I fear that Youtube is a genie you shan't put back in the bottle...
This one’s a trip
Sneakers - Nonsequitur of Silence
Collector’s Choice CD
A section from the Allmusic review:
To put it mildly, this is a big deal, the first real comp of one of the legendary forgotten bands, and Nonsequitur of Silence does more than satisfy the cult who long waited for this reissue: it will convert non-believers, too. This almost feels as long ago, if not more so, than the Beatles and British Invasion that fueled the Sneakers; the group’s homemade replicas of ringing ‘60s guitar pop hinted toward punk, new wave, jangle pop, and ultimately indie rock, but lacked all of the stylized self-absorption that followed as well. Like Big Star before them, the Sneakers were pop obsessives recording in a blissful vacuum, obsessed with the past but not living with it, so their recordings have a twitchy vitality that remains bracing and fresh years later. The music on Nonsequitur of Silence may belong to a cult, but it’s an important one, acting as the bridge between Big Star and R.E.M., pointing the way to such latter-day popsters as Guided by Voices and the Elephant 6 collective, too. Nevertheless, the best way to think of the Sneakers is not in terms of history, but rather, as a band that produced some brilliant power pop during their brief period together, pure pop that remains purely pleasurable all these years later and has never been better heard than it is here.

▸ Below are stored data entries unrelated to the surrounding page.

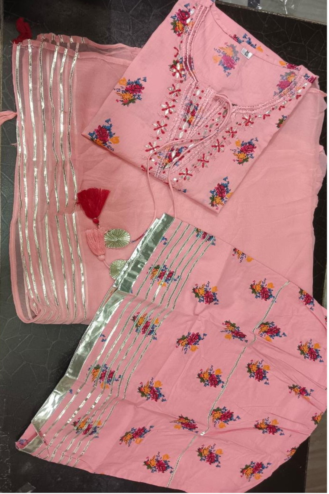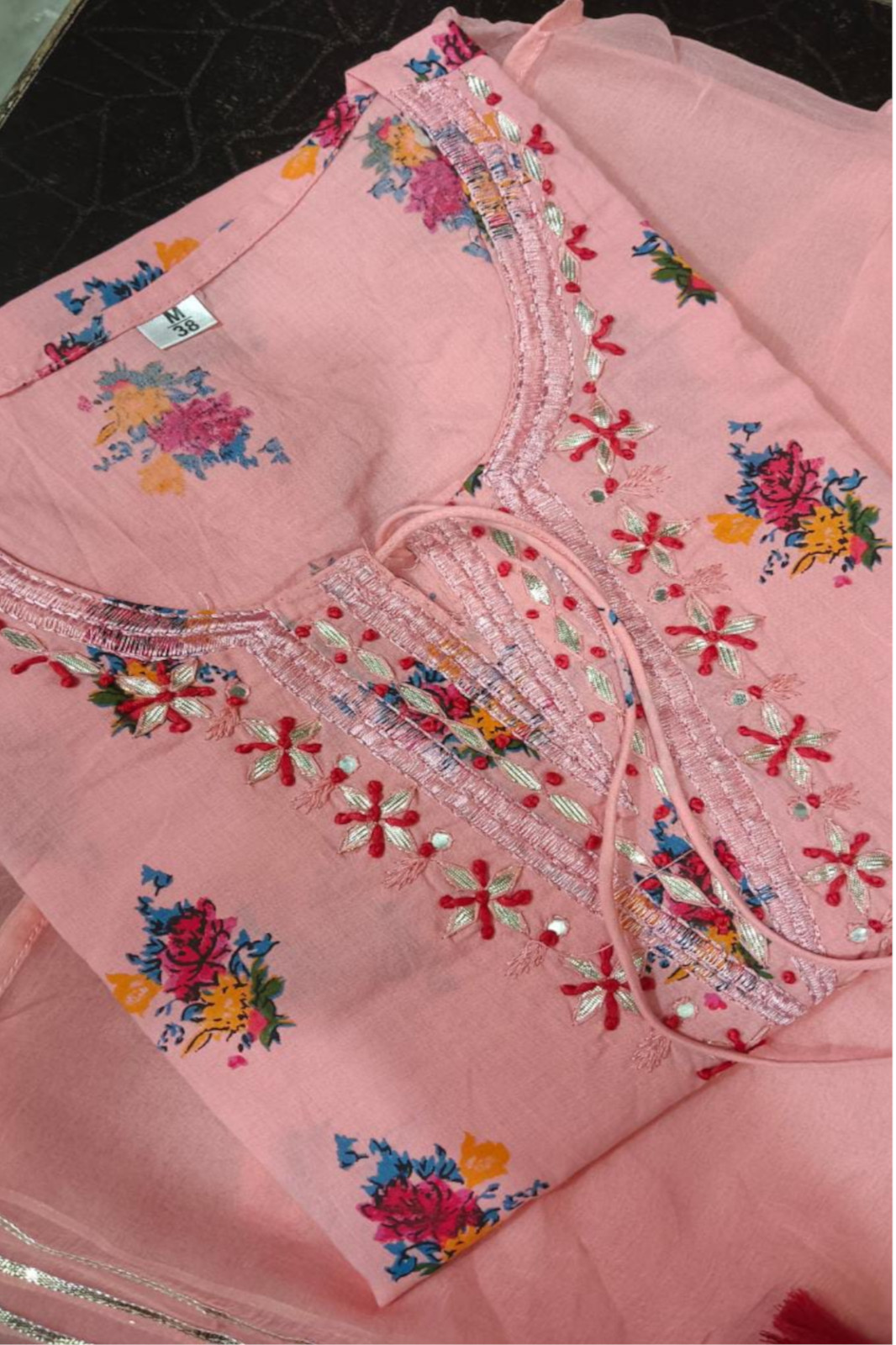 Baby Pink Designer Cotton Kurti Sharara Dupatta Set Kurti Heavy Salwar Kameez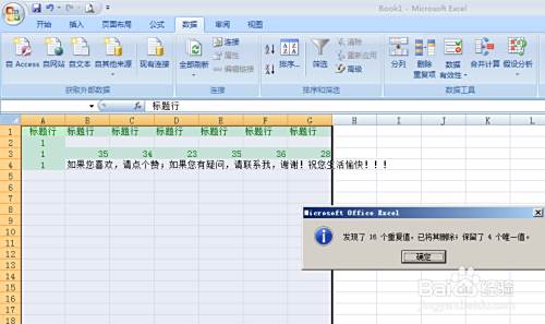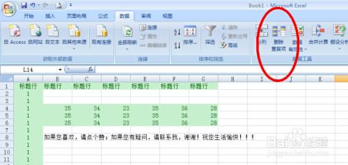 然后我们找到数据—删除重复值,这是在Office 2007中操作的;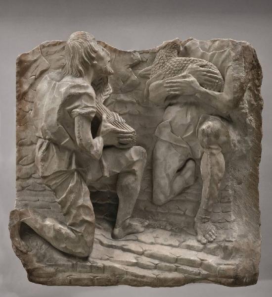 Abele (acafalo) e Caino inginocchiati: Abele regge una pecora, Caino un fascio di spighe. Segni di diversa lavorazione della superficie in prossimità del limite destro.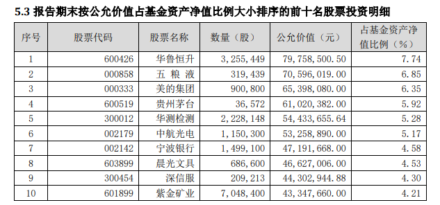 如上图所示,该资管产品前十大重仓股占比达到了54.93%。华鲁恒升、五粮液、美的集团、贵州茅台、华测检测和中航光电全部进入了超配的行列。相比二季度末,该基金的前十大重仓股更换了一半,新进华鲁恒升、五粮液、美的集团、深信服和宁波银行五只新面孔,小幅增持紫金矿业、贵州茅台和中航光电,小幅减持华测检测。
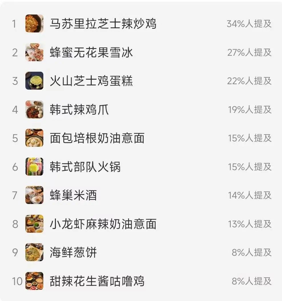 在小紅書(shū)平臺(tái),馬蘇里拉芝士辣炒雞、蜂蜜無(wú)花果雪冰、火山芝士蛋糕等創(chuàng)意菜品受到網(wǎng)友熱捧。馬蘇里拉芝士辣炒雞的熱度最高,有34%網(wǎng)友在韓式創(chuàng)意料理的相關(guān)帖子中都提到了該菜品。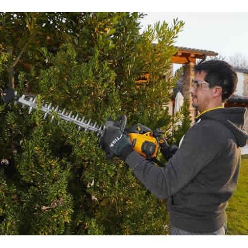 A step up from the basic models with features designed for tougher jobsand longer working times. The multi-point anti-vibration system reduces thevibrations felt in the hands and arms for added comfort over longer periods.The handle rotates through 3 positions. allowing for easy and speedy switching fromhorizontal. vertical. and lateral trimming. With a 27mm cutting capacity fortrimming thicker branches. Maintenance is made easy with tool-free access tothe air filter. The blade protector removes easily for sharpening.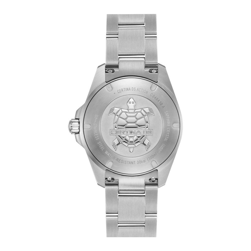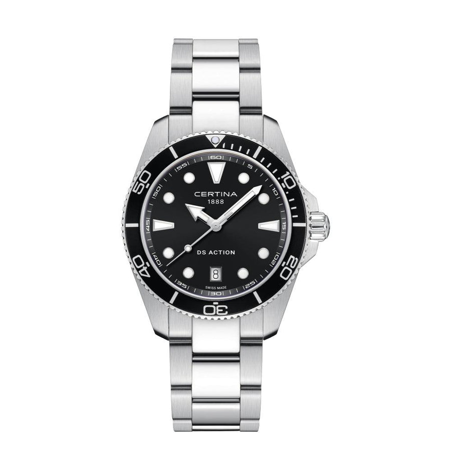 Robust og stilrent dykkerur fra Certinas Action-serie med sort urskive og rustfri stålkrans. Uret har en diameter på 40 mm og er ideelt til mænd, der ønsker et funktionelt og sporty kvalitetsur. Med skruekrone og en vandtæthed på 300m er det perfekt til dykning og andre vandsportsaktiviteter. Super-LumiNova på timemarkeringerne sikrer god synlighed i mørke, mens det præcise Precidrive™ Quartz-værk garanterer en pålidelig tidtagning. Et fremragende valg for den aktive eventyrer.

Nonsequitur of Silence - Sneakers | Songs, Reviews, Credits | AllMusic
After pretty much a 100% Friday that completely destroyed the
odds of a bad Friday 13, I decided to go with some americana
from several time periods, blues too. In a little anticipation of
Ken Burn's Country Music documentary Sunday night (not Sat'd
as I previously mentioned), I had to go with it. The Cowboy Junkies
do Vic Chestnut in a soaring, atmospheric, despairing classic of
songs, the FBB always sounds great, and Farther Along
( a compilation of the first two lps) is one of the better-sounding
of the cd releases, Muddy Waters and Johnny Winter kicked off
the morning with a rousing Mannish Boy, which did more wake-up
damage than the beverage--a great live lp of blues. Java up...
Clapton is the most fantastic of the moderately boring rockers. Put another way, you can be medium boring and very successful so long as you are also fantastic.
This is the one I have now. Yet another original CD that was in my collection chucked for a remaster. I've never done a comparison, so I don't know the issues. But if people are complaining because it doesn't sound like the vinyl, I give that opinion no quarter. I think I had the vinyl at one point! I know I did because I was hard into Moving Pictures and this one before I ever bought a CD.
Anyway, I just put Signals on, my '97 CD rip, and I'm ashamed at how much I'm enjoying it. I really wish I thought this was terrible and unlistenable.
We shall say that he's an exciting rocker that's dull as dirt, or the most excruciatingly boring music with never a dull moment...
He put a reggae beat under "Tears In Heaven" the other night, but didn't really play it as a reggae number. Obviously "Row Jimmy" inspired. What more could one reasonably ask? Clapton is the Jerry-ist of performers bearing no musical resemblance to Jerry.
What I find confusing is that he obviously feels the need to play "Tears In Heaven," but not "Deserted Cities Of The Heart."